Information supplied:
——

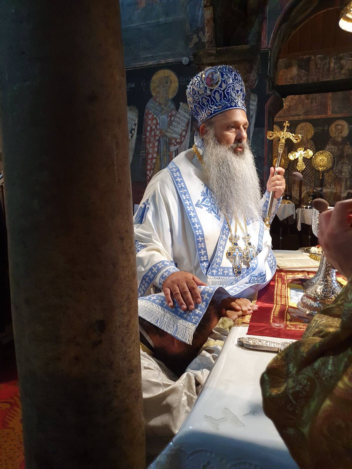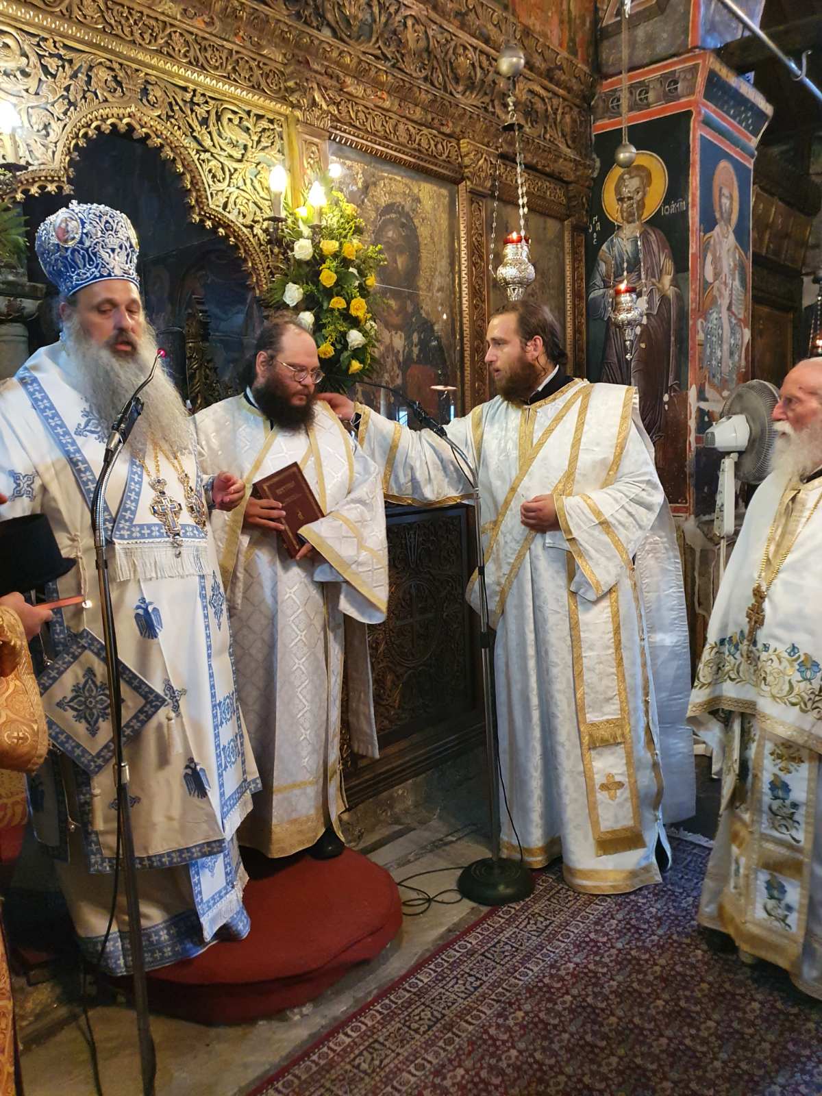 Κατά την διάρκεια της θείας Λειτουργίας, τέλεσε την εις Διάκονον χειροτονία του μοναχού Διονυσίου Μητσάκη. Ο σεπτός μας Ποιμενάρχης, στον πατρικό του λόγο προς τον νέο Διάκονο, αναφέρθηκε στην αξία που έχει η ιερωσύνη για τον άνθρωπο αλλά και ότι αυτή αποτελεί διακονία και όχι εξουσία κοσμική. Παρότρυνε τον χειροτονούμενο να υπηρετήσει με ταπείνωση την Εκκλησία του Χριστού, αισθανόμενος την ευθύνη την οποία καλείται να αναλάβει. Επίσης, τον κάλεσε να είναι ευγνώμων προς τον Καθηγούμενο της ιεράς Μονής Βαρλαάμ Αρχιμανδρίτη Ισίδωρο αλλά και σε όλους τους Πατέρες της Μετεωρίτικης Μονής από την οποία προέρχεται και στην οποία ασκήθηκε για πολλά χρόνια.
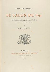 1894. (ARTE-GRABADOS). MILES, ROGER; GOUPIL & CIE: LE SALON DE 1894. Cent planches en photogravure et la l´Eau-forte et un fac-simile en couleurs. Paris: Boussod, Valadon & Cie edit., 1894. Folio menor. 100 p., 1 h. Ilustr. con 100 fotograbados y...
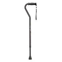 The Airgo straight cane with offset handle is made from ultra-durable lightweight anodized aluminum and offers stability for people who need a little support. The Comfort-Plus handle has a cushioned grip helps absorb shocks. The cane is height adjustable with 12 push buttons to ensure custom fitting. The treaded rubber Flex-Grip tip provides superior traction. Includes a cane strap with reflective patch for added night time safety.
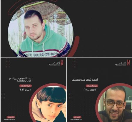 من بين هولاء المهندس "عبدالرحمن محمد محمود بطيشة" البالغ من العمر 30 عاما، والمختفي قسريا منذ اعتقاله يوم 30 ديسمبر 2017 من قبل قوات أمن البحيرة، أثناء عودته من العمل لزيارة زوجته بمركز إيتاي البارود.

——

Exercise directions: Pictures aside, reproduce all of the material above without alteration.

Task output:
 Κατά την διάρκεια της θείας Λειτουργίας, τέλεσε την εις Διάκονον χειροτονία του μοναχού Διονυσίου Μητσάκη. Ο σεπτός μας Ποιμενάρχης, στον πατρικό του λόγο προς τον νέο Διάκονο, αναφέρθηκε στην αξία που έχει η ιερωσύνη για τον άνθρωπο αλλά και ότι αυτή αποτελεί διακονία και όχι εξουσία κοσμική. Παρότρυνε τον χειροτονούμενο να υπηρετήσει με ταπείνωση την Εκκλησία του Χριστού, αισθανόμενος την ευθύνη την οποία καλείται να αναλάβει. Επίσης, τον κάλεσε να είναι ευγνώμων προς τον Καθηγούμενο της ιεράς Μονής Βαρλαάμ Αρχιμανδρίτη Ισίδωρο αλλά και σε όλους τους Πατέρες της Μετεωρίτικης Μονής από την οποία προέρχεται και στην οποία ασκήθηκε για πολλά χρόνια.
 1894. (ARTE-GRABADOS). MILES, ROGER; GOUPIL & CIE: LE SALON DE 1894. Cent planches en photogravure et la l´Eau-forte et un fac-simile en couleurs. Paris: Boussod, Valadon & Cie edit., 1894. Folio menor. 100 p., 1 h. Ilustr. con 100 fotograbados y...
 The Airgo straight cane with offset handle is made from ultra-durable lightweight anodized aluminum and offers stability for people who need a little support. The Comfort-Plus handle has a cushioned grip helps absorb shocks. The cane is height adjustable with 12 push buttons to ensure custom fitting. The treaded rubber Flex-Grip tip provides superior traction. Includes a cane strap with reflective patch for added night time safety.
 من بين هولاء المهندس "عبدالرحمن محمد محمود بطيشة" البالغ من العمر 30 عاما، والمختفي قسريا منذ اعتقاله يوم 30 ديسمبر 2017 من قبل قوات أمن البحيرة، أثناء عودته من العمل لزيارة زوجته بمركز إيتاي البارود.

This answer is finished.